- **THE TASK**: Repeat what the lines below say, word for word, and skip every image.

- **PROVIDED DATA**:
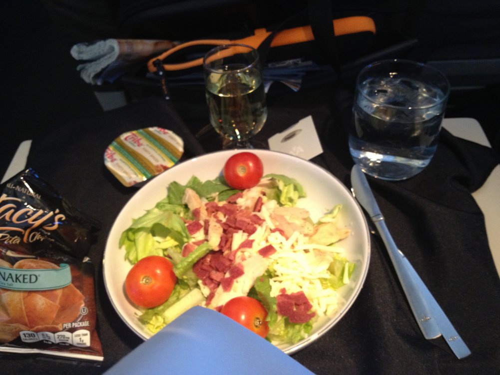 Vad med stolen? Jag får lite av NEK känslan inom Lufthansa gruppen när jag flyger med AA i F på B737-800an. Stolen är rätt tunn, sedan ”glider” man ner och framåt när man vill luta stolen, och inte rakt bakåt som ”old school” F stolar gör. Dock har den bra nackstöd för långa killar som jag. Jag tror taktiken med AA på B737-800an är att boka rad 4 på jämna och rad 5 på udda flightnummer. Då får man välja mat, något jag återkommer till strax. Överlags helt ok flight, dock är AAs kaffe sunkigaste i världen. 6/10, bra försök.
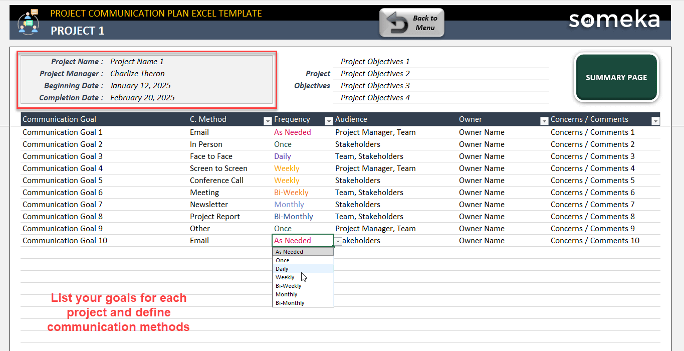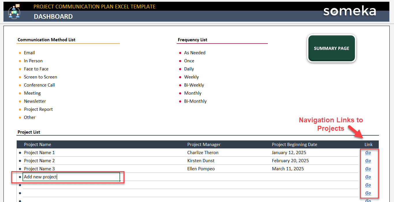 Yes, Someka’s Communication Plan Excel Template supports up to 10 projects. Each project will have a different sheet tab, and you’ll be able to see the entire numbers on the Summary.
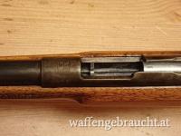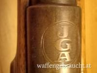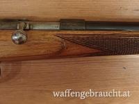 Elegantes und leichtes Kleinkaliber-Gewehr, Einzellader, Produziert vor 1945 mit Beschusszeichen aus Belgien. Am System findet sich das Firmenlogo "JGA" für "J.G. Anschütz", das so nur bis 1945 verwendet wurde.
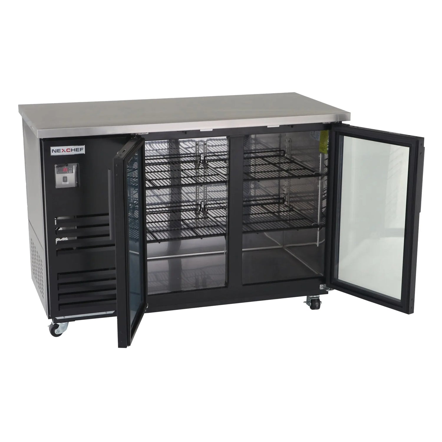NexChef B60-G2 Commercial 60" Glass Back Bar Refrigerator, Black Exterior, 2 Glass Doors, Counter Height, LED Lighting

- **ANSWER SECTION**:
 Vad med stolen? Jag får lite av NEK känslan inom Lufthansa gruppen när jag flyger med AA i F på B737-800an. Stolen är rätt tunn, sedan ”glider” man ner och framåt när man vill luta stolen, och inte rakt bakåt som ”old school” F stolar gör. Dock har den bra nackstöd för långa killar som jag. Jag tror taktiken med AA på B737-800an är att boka rad 4 på jämna och rad 5 på udda flightnummer. Då får man välja mat, något jag återkommer till strax. Överlags helt ok flight, dock är AAs kaffe sunkigaste i världen. 6/10, bra försök.
 Yes, Someka’s Communication Plan Excel Template supports up to 10 projects. Each project will have a different sheet tab, and you’ll be able to see the entire numbers on the Summary.
 Elegantes und leichtes Kleinkaliber-Gewehr, Einzellader, Produziert vor 1945 mit Beschusszeichen aus Belgien. Am System findet sich das Firmenlogo "JGA" für "J.G. Anschütz", das so nur bis 1945 verwendet wurde.
NexChef B60-G2 Commercial 60" Glass Back Bar Refrigerator, Black Exterior, 2 Glass Doors, Counter Height, LED Lighting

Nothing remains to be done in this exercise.